Tout cela était resté relativement confidentiel jusqu’à ce une récente intervention de James Clapper, le directeur du renseignement américain (DNI). Ainsi, selon ce dernier, « en termes de menace pour la patrie, Khorasan pose une menace au moins aussi grande menace que celle de l’État islamique », a-t-il affirmé. Et pour les responsables de services d’outre-Atlantique, le fait de se focaliser sur l’EI a permis à Muhsin al-Fadhli de se faire très discret.

Or, le plus grand danger immédiat, selon eux, ne vient pas forcément de l’EI, qui est, pour le moment, dans une logique de conquête territoriale, mais plutôt de Khorasan. Pourquoi? Parce que ce groupe, composés de vétérans du jihad, s’attacherait à recruter en priorité des jihadistes occidentaux et qu’il s’est spécialisé dans les attaques commises avec des explosifs dissimulés, à l’instar d’al-Qaïda dans la péninsule arabique (AQPA), avec qui il aurait des liens.

La décision prise en juillet dernier par les autorités américaines d’interdire à bord des avions les téléphones et les ordinateurs portables aux batteries déchargées aurait un lien avec les activités de Khorasan.

« Les efforts répétés du groupe pour dissimuler des explosifs dans les avions montrent à quel point ils persévèrent à réaliser des attaques de grande envergure contre l’Occident, mais aussi leurs connaissances des systèmes de sécurité occidentaux et leurs efforts pour s’y adapter », a expliqué Nicolas Rasmussen, le directeur adjoint du Centre national de lutte contre le terrorisme, lors d’une audition récente devant une commission du Sénat américain.

Visiblement, le danger était important de voir le groupe Khorasan de passer à l’action dans un avenir proche.
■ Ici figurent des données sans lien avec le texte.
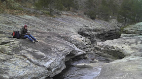 You wouldn't expect there to be massive cliffs, sandstone canyons, and mountain lions in Illinois.  I can confirm the first two, and the third is a maybe based on the eviscerated deer we stumbled upon while free-hiking in the Shawnee National Forest.  Valerie and I spent a couple of days hiking and winter camping over the holiday week.  It was awesome.  No one was there.  It might have been the frigid temperatures that resulted in our private camping and hiking experiences.  On night two of camping, I awoke with frozen condensation on my sleeping bag.  First rule of having fun - nobody died.
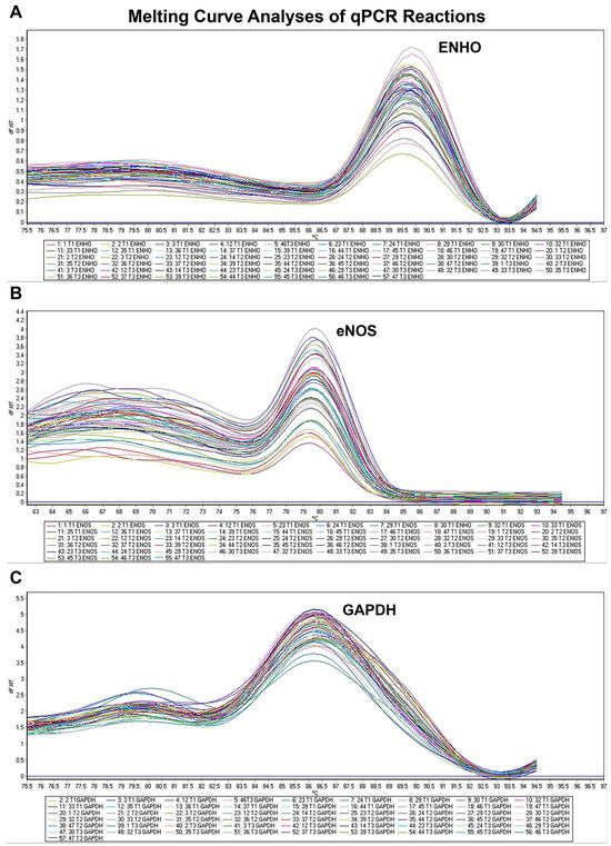Total RNA was isolated using a commercial kit (Hibrigen, MG-RNA-01, Kocaeli, Türkiye) from whole blood samples. After measuring RNA concentrations using a spectrophotometer (Thermo Scientific Multiscan Go, Vantaa, Finland), RNA samples were pre-diluted for further cDNA synthesis (abm, OneScript Plus, Vancouver, BC, Canada) with the following reaction conditions in a thermal cycler (BioRad, Hercules, CA, USA): 15 min at 50 °C, 5 min at 85 °C, and storaed at 4 °C. cDNAs were pre-diluted (1/5) for further qPCR reactions (HOT FIREPol® EvaGreen® qPCR Mix Plus, Solis Biodyne, Tartu, Estonia) using RotorGene Q (Qiagen, San Diego, CA, USA) under the following conditions: initial denaturation for 12 min at 95 °C; 40 cycles of 15 s at 95 °C, 40 s at 65 °C, and 40 s at 72 °C; final melting curve analysis between 61 °C and 95 °C. The specific primers used in the qPCR reactions for adropin (ENHO), eNOS, and GAPDH are listed in Table 1, and the melting curve analyses are depicted in Figure 2. The raw cycle threshold (Ct) values were normalized to the internal housekeeping control GAPDH, and the relative mRNA levels of the target genes were calculated using the 2−ΔCt method [26].
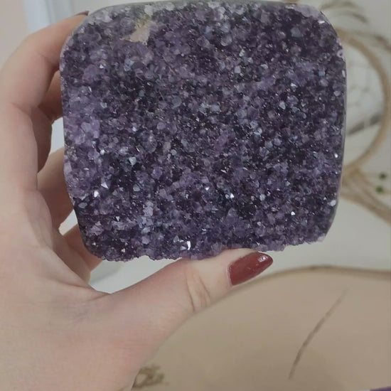 Angebot des Tages 22.02.2026 Set bestehend aus: Amethyst Kristalldruse, Pyrit mit Hämatit Kristallstufe, Räucherstäbchen Kronenchakra
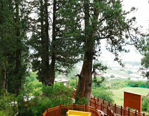 景区建设一般,但景色不错,一大片的柏树林,很是壮观,旁边还有一些野生桃花。
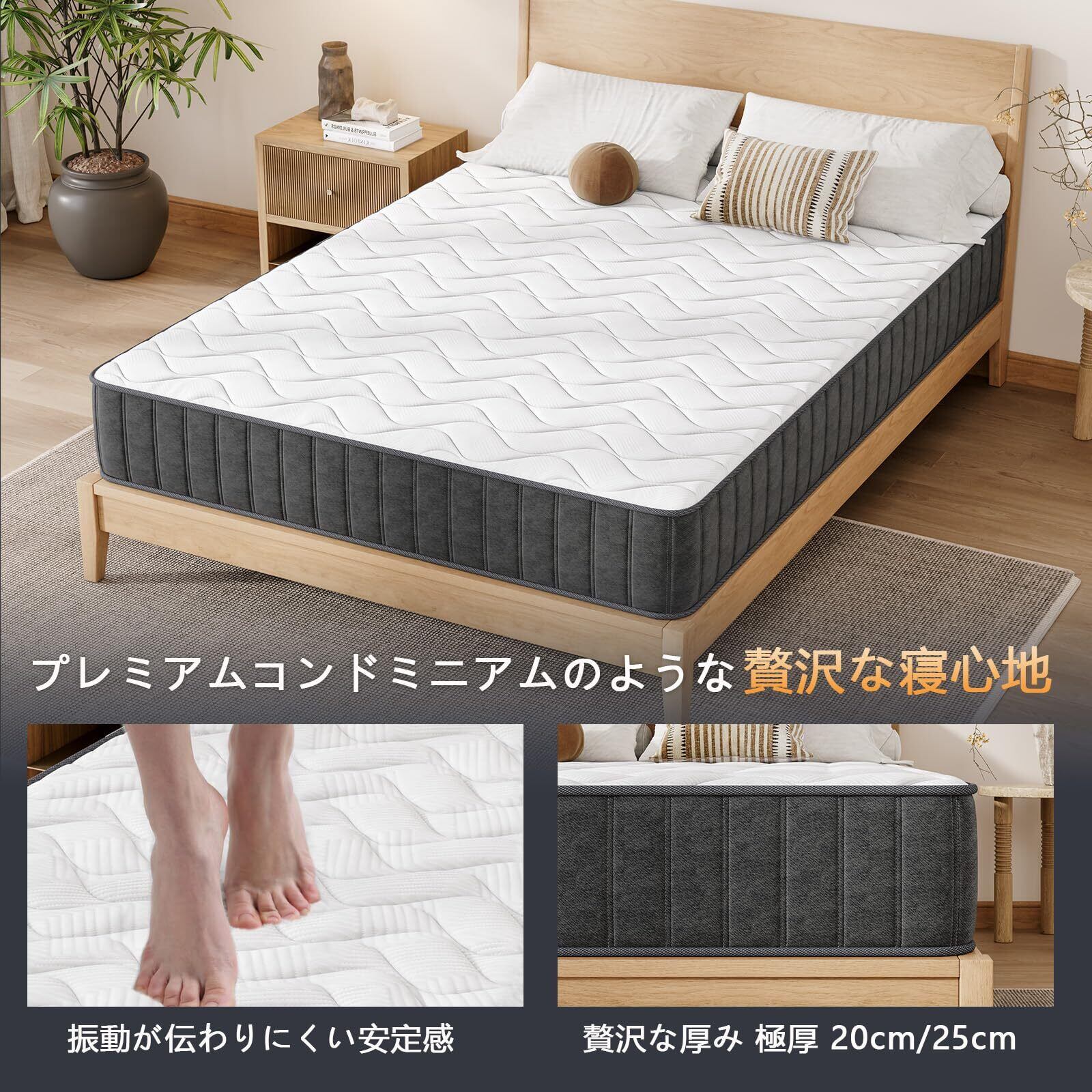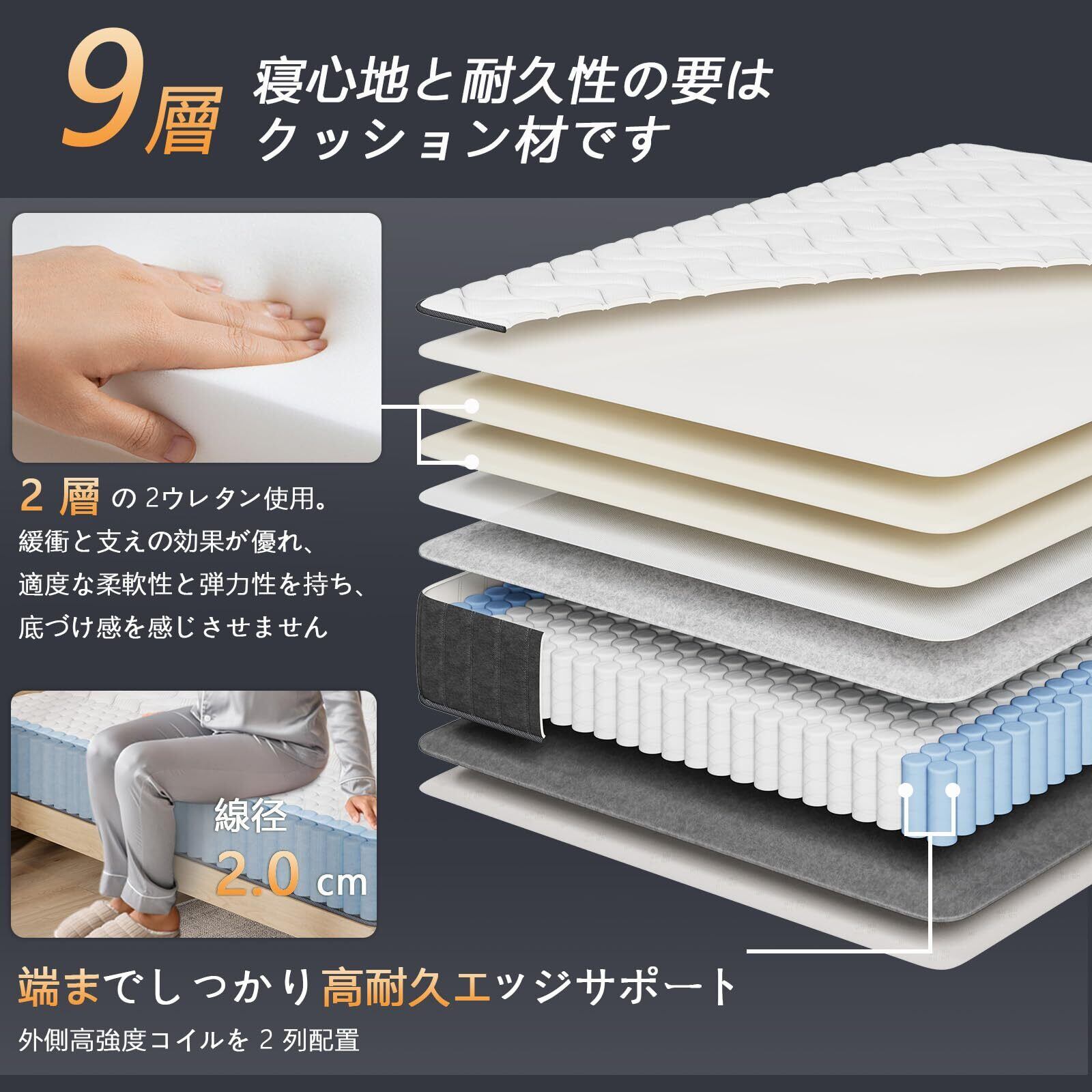 【日本専用設計!高密度ポケットコイルマットレス】日本ユーザーのために特別に設計された『429個』高弾性独立袋装コイルマットレス。反発力・耐久性・強度に優れた独立コイルを採用し、体のラインにフィットして体圧を均一に分散。適度な硬さで腰や肩をしっかりサポートし、無理のない自然な姿勢で朝まで快適に眠れます。朝の目覚めもスッキリ。適度な硬さと快適さを兼ね備えたマットレスをお探しの方に最適です
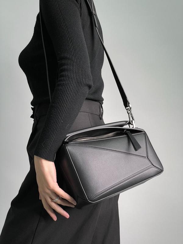 👜 Loewe Small Puzzle Bag in Classic Calfskin Black (Арт: 99092) 💵3650 грн 📐 Размер: 25 x 16 x 10 см 🧵 Материал: Кожа 🔎 Описание: Сумка собрана из частиц гладкой кожи в виде пазла. Внутри одно отделение, также есть небольшой карман. Подкладка из плотного тикстиля с кожаной нашивкой и тиснением. Качественная металлическая фурнитура. В комплекте два ремешка: Кожаный узкий и Текстильный шире. Оба имеют регулируемую длину.
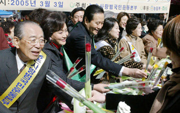 農村情泛國民運動總部于3日上午在首爾明洞舉行了“農村情100萬會員加盟運動”。參加當天活動的全經聯會長薑信浩(左)爲傳達“都市人的農村情”向市民發放了玫瑰花。100萬會員加盟運動將於6月9日結束。

D’où le bombardement de ses installations par les forces américaines. Au total, les 8 frappes effectuées ont visé des camps d’entraînement, une installation de production d’explosifs et de munitions, un bâtiment de communication et des installations de commandement

« Les Etats-Unis espèrent ainsi avoir empêché la préparation d’attaques imminentes contre les intérêts américains et occidentaux, menée par un réseau composé de vétérans aguerris d’Al-Qaïda – un réseau parfois appelé groupe Khorassan – qui a trouvé refuge en Syrie où il peut tranquillement préparer des attaques ou attentats, construire et tester des engins explosifs, et recruter des Occidentaux pour mener ces attaques », a expliqué l’US CENTCOM, le commandement militaire américain pour l’Asie centrale et le Moyen Orient, dans un communiqué.